Antitrust scrutiny of the marketplace. The FTC and the attorneys general of 17 states — later joined by Vermont and Puerto Rico — sued Amazon, accusing the online retailer of raising prices and creating monopolies by, among other things, altering organic search results to show paid advertisements or Amazon's own products, and overcharging online sellers.

Data Protection. Following a number of ongoing antitrust inquiries across the world, Amazon faces persistent scrutiny over allegations that it harvests data from third-party sellers to make low-cost versions of popular products — effectively using small businesses as a research-and-development arm. 50% of third-party online retailers that sell with Amazon say Amazon sells products that directly compete with theirs.

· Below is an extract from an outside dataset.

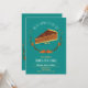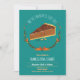 Une invitation Thanksgiving avec un morceau souriant de tarte au pacan qui est prêt pour le jour férié. Tout le texte est personnalisable. La couleur arrière - plan a un ton turquoise plus foncé.

Environmental Impact. As companies worldwide face pressure to reduce their carbon footprint, Amazon's vast logistics and data centre operations remain under scrutiny. Amazon has committed to net-zero carbon by 2040, but with CEO Andy Jassy confirming plans to invest approximately $200 billion in capital expenditure in 2026, primarily in AWS infrastructure, the energy demands of its AI-driven cloud empire are only growing.

Controlling the competition. Many smaller retailers believe Amazon has unfair control and monopolisation over the e-commerce space. Companies must pay to increase the visibility of their products on Amazon — forcing small retailers to choose between sales figures and profit margins. Regulatory watchdogs on both sides of the Atlantic continue to investigate Amazon's treatment of third-party suppliers to promote fair competition.